In the case of insert_before_unchecked, there's at least 2 contracts: the one when seen from outside the standard library and the one when seen from inside. But there could be more depending on how the authors want to split the units of implementation. The problem as you noted, is that the unsafe keyword is unique, so it cannot necessarily match all contracts. The contract it must match is the highest-level contract (highest in the sense of most public, so crate-level for public items). So it's possible that an internally safe function (no safety requirements when used within the module) is marked unsafe because it's publicly unsafe.

What I mean when I say that "safe code cannot cause UB" is that if there's UB, you can always attribute it to an incorrect unsafe block.

I know that you sometimes end up in a situation where the unsafe block looks like this:

let x = library::foo();
// SAFETY: Library is implemented correctly.
unsafe { ub_if_library_is_incorrect(x) };

If that safety comment turns out to be wrong, well shucks. The author of that unsafe block took a risk, and it didn't work out. So this is a scenario where:

  1. There is UB.
  2. The fix is to change the safe code, and not the unsafe block.

Given this, was the unsafe block wrong? Well, there is certainly one way in which it's wrong: It had a safety comment saying "library is implemented correctly" and, well, it wasn't implemented correctly, so it had an incorrect safety comment. That makes the unsafe block wrong.

Of course, there's also another way in which it's not wrong: When we fixed the bug, the unsafe code did not change. If it did not change and is now correct, it must have been correct all along?

So given that, I agree the situation is not 100% clear.

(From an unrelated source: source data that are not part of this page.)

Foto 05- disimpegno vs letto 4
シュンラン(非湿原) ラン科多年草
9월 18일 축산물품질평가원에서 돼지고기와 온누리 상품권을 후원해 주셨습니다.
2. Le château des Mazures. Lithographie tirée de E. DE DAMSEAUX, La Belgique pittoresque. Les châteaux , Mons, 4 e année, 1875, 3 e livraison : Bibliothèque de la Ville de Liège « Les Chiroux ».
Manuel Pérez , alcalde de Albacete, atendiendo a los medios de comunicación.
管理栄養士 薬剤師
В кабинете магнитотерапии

However, here's what I think is the right way to look at it: UB is often caused by several things going wrong at the same time. After all, we could fix the UB by changing the unsafe block too! Delete the unsafe { ub_if_library_is_incorrect(x) } line of code, and voilà, no UB. So I guess the UB was caused by that unsafe block after all!? Sure, the bug in library remains, but the UB is gone.


Enough about UB, let's talk about vulnerabilities.

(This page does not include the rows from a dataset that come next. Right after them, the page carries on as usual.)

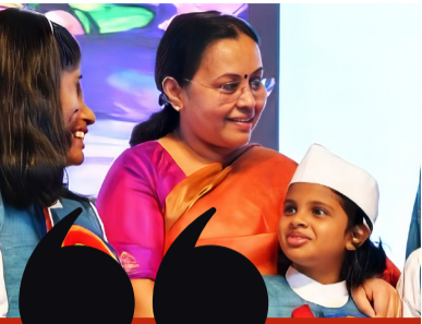
വിരയിളക്കൽ കുട്ടികളിലെ വിളർച്ച ഒഴിവാക്കുന്നു, ആരോഗ്യകരമായ വികാസത്തിനു സഹായകരമാകുന്നു

കുന്നതായും ലോകാരോഗ്യ സംഘടനയുടെ കണക്കുകൾ പ്രകാരം ഇന്ത്യയിൽ 1 മുതൽ 14 വയസ് വരെയുള്ള 64% കുട്ടികളിൽ വിരബാധയുണ്ടാകുവാൻ സാധ്യതയുണ്ടെന്നും അവർ ചൂണ്ടിക്കാട്ടി. ഇതിന്റെ അടിസ്ഥാനത്തിൽ ശക്തമായ ഇടപെടലുകളാണ് ആരോഗ്യ വകുപ്പ് നടത്തി വരുന്നത്. ഏറ്റവും ബൃഹത്തായ പൊതുജനാരോഗ്യ പരിപാടികളിൽ ഒന്നായ വിര നിർമ്മാർജ്ജന പരിപാടിയിൽ ആരോഗ്യവകുപ്പിനൊപ്പം സഹകരിച്ച വിദ്യാഭ്യാസ-വനിതാശിശു വികസന വകുപ്പുകളുടെ സംഭാവനകളെയും മന്ത്രി അനുഭവമുദിച്ചു. എല്ലാ കുട്ടികളും വിര നശീകരണത്തിനുള്ള ഗുളിക കഴിച്ചുവെന്ന് മാതാപിതാക്കൾ ഉറപ്പാക്കണമെന്നും മന്ത്രി അഭ്യർത്ഥിച്ചു.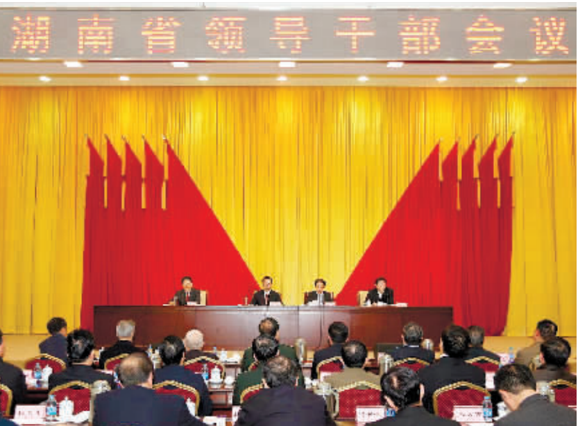
湖南省领导干部会议现场。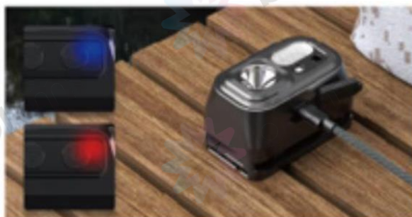
Demonstrație de încărcare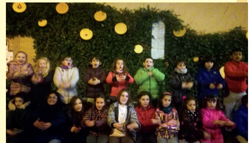
Ambiente infantil en "Sanju".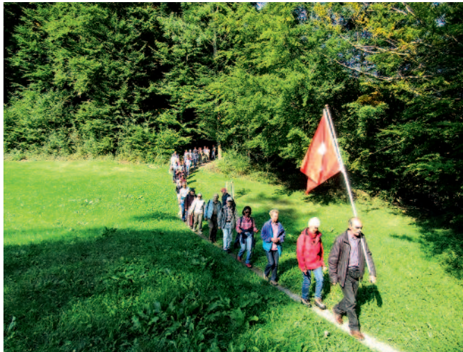
Durch Wald und Wiesen bei schönstem Wetter dem Ranft entgegen.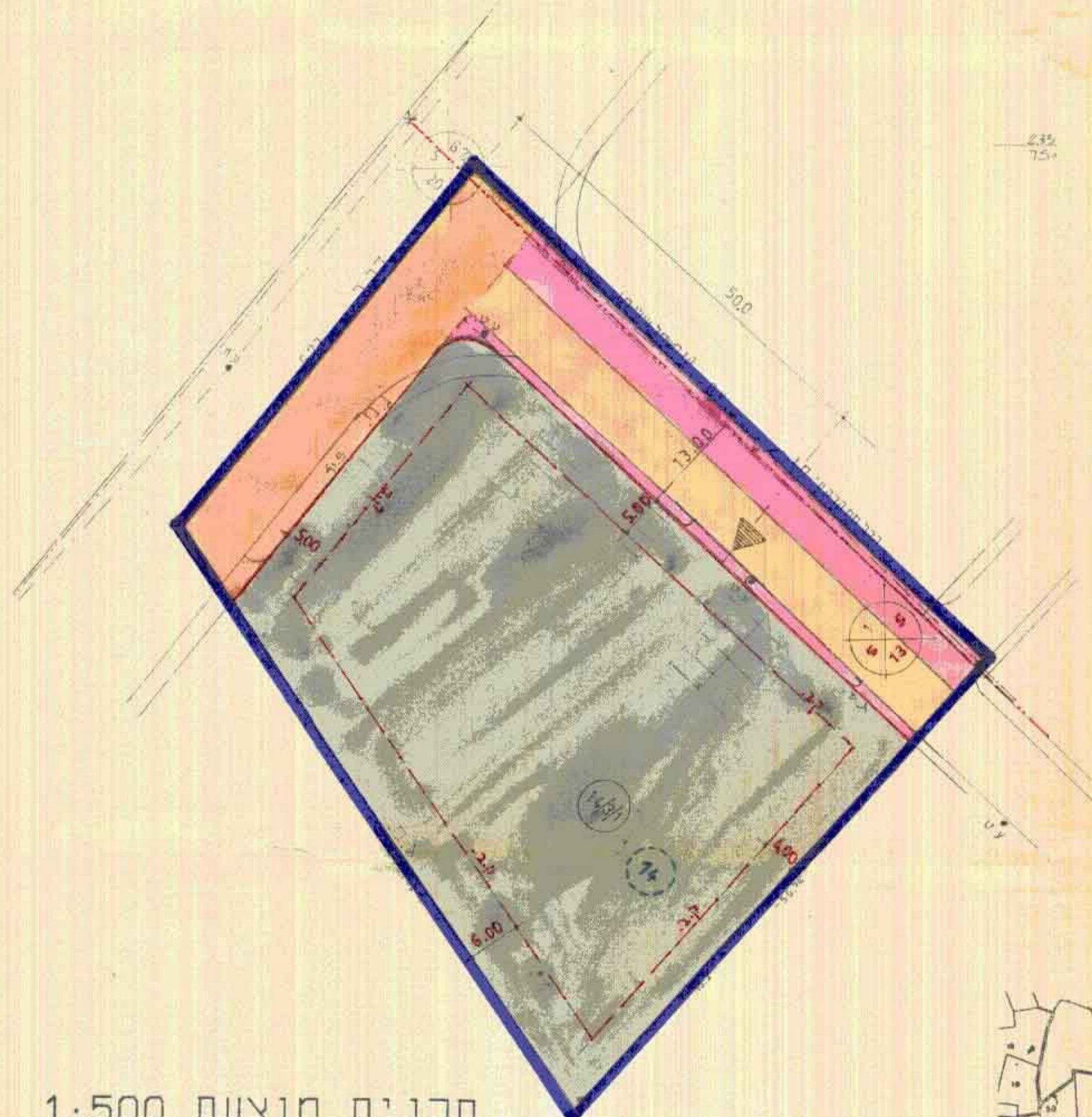
תכנית מוצעת 1:500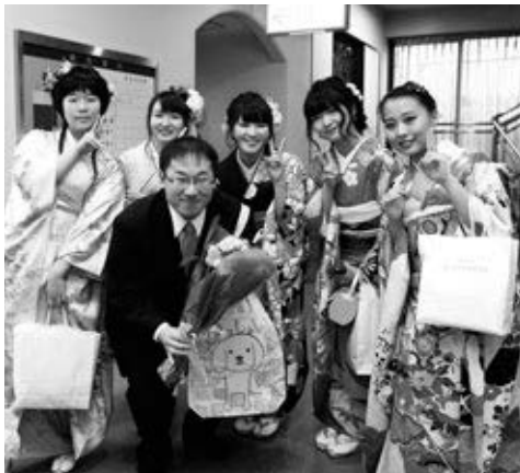
〈恩師との記念撮影〉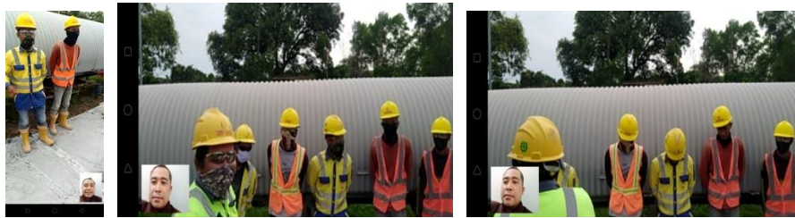
Gambar 2. Dokumentasi Pekerja Yang Telah Memakai APD

Kegiatan sosialisasi K3 ini tim pengabdian kepada masyarakat menjelaskan Alat Perlindungan Diri (APD) apa saja yang harus digunakan untuk pencegahan KAK. APD meliputi helm safety untuk melindungi kepala dari benda - benda, safety belt untuk alat pengaman jika menggunakan alat transportasi, sepatu karet (sepatu boot) untuk alat pengaman yang bisa dipakai di tempat berlumpur atau becek, sarung tangan untuk melindungi tangan saat bekerja di tempat yang dapat mengakibatkan cedera tangan, penutup telinga (Ear Plug / Ear Muff) untuk melindungi telinga pada saat bekerja di tempat yang bising, kaca mata pengaman (Safety Glasses) untuk melindungi mata ketika bekerja, dan masker (Respirator) untuk penyaring udara yang dihirup saat bekerja di tempat. Penyediaan di area lokasi kerja seharusnya menyiapkan persediaan APD, kotak P3K, rambu rambu K3. Selain itu itu perlu dilakukan tahapan jadwal training baik dilokasi maupun yang tersertifikasi agar semakin terlatih dalam menjalankan aktifitas kerja sehari hari.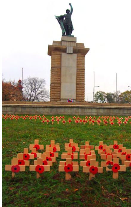
Nahoře: symbol DVV vlíčí mák. Dole: Každý návštěvník může instalovat křížek se jménem svého předka.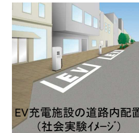
EV充電施設の道路内配置 (社会実験イメージ)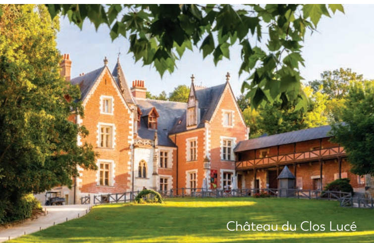
Château du Clos Lucé

Residence (soon 4*) of 20 bedrooms, 8 apartments and 4 lodges in the town centre. Then free time and diner downtown.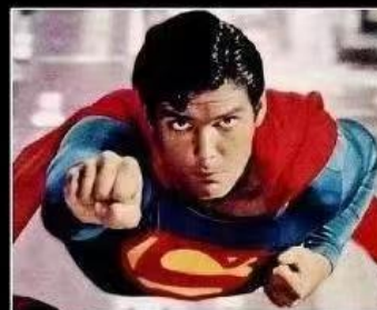
What I think I do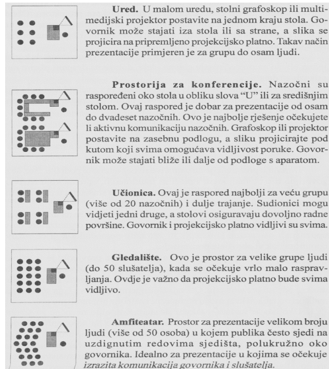
Slika 1. Vrste fizičkog prostora (Petar, 2001:59)

riječima, prostor može biti bilo kakav ured, prostorija za konferencije, učionica, gledalište ili amfiteatar, a svaki od tih prostora će biti detaljnije opisani u nastavku. Također, prostor se može razlikovati kao fizički i psihički prostor.

CVE-2024-27308 is an interesting example. Mio documents a guarantee in its docs, and Tokio relied on it in unsafe code. It turns out that the windows implementation violated this contract in some circumstances.

At the time, it was actually argued to me that the CVE should be filed under Tokio because in mio it's just a bug, and it's Tokio that actually triggered UB as a result. However, my take is that this is Rust idealism. There is no other programming language where you would come to the conclusion that the CVE should be filed under Tokio. This conclusion stems purely from the concept of "unsafe" and how closely it's tied with UB in our community. Filing it under mio makes much more sense because, for instance, in a CVE you list which versions are affected and also the version in which the bug was fixed. Those questions cannot be answered if it's filed under Tokio because the fix was to change mio.

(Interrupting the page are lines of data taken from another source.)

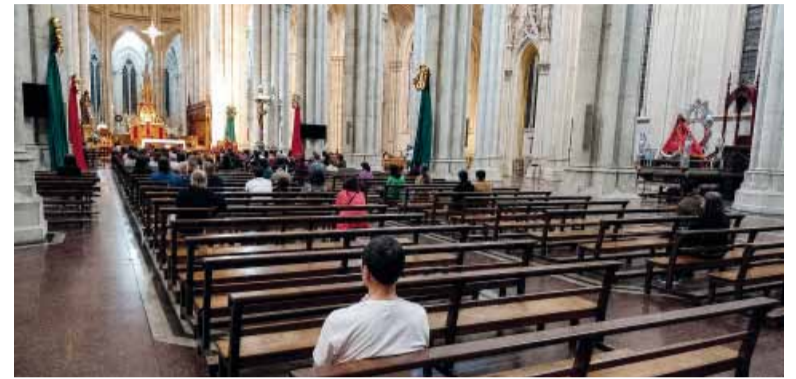
Descenso. Bajó el número de feligreses.

El informe del Observatorio de las Creencias en Argentina de la UBA muestra una caída de la identificación con el catolicismo en los últimos años.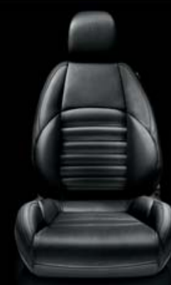
Exklusiv-Leder VENERE Nero (Innencode 408 ) (optional)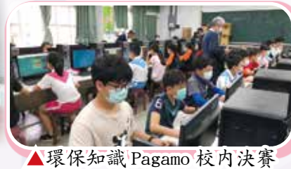
▲環保知識 Pagamo 校內決賽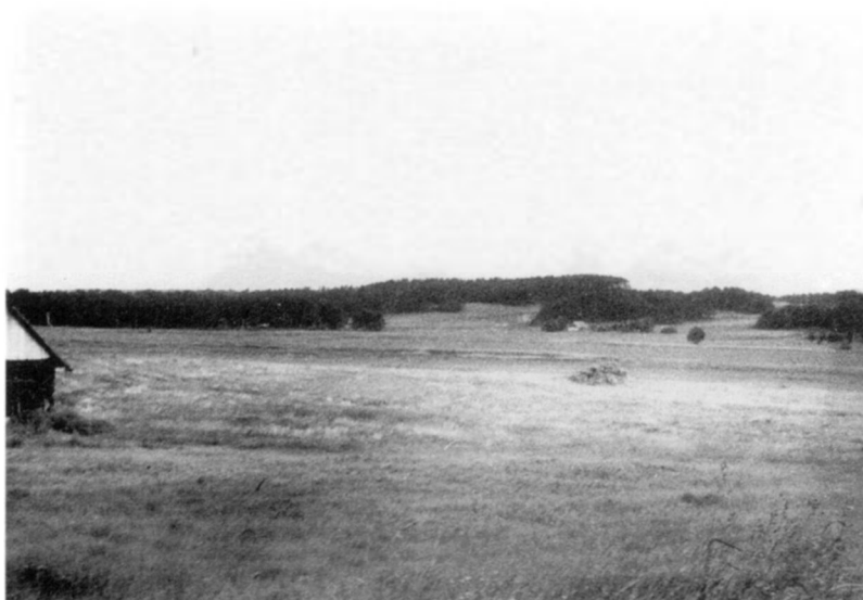
Perkūnkalnis Ventos slėnyje. Kelmės r., Šaukėnų apyl., Jurgoniškių k.

vienas žmogus, įlindęs į kalne esantį urvą, pamatė viduje velniukus (LMD I 171/1). Per kalne esantį urvą velniai, matyt, pasiekdavo žemutinį – požemio – pasaulį. Taigi kalnas turi ryšį su abiem opoziciniais mito personažais – ne tik su Perkūnu, bet ir su velniu 1 .

So did mio cause this CVE or did Tokio cause it? Well, on one hand the bug is in mio and the fix was to change mio, so it seems clear that mio is the cause. However, it's not quite that clear. As the CVE says, versions of Tokio prior to v1.30.0 were not actually vulnerable because prior to v1.30.0, Tokio would use the mio token as a key into a map, rather than cast it to/from a pointer. If we had never made this change in Tokio, then I do not think this mio bug would have been filed as a CVE. It would just have been a bug. So while the unsafe code in Tokio did not cause the bug in mio, it did cause the CVE.


Given an instance of UB, the list of causes that came together to trigger UB may include some causes that are entirely safe code. However, if so, then that cannot be the only cause, and one of the other causes will involve unsafe code.

I do not think wording this as "safe code cannot cause UB" is unreasonable.

3 Likes

I’d say that there is a narrow, pedantic sense in which the unsafe code should change, when viewed at package granularity: its dependency on the library with the bug should be changed to require the fixed version as the minimum version.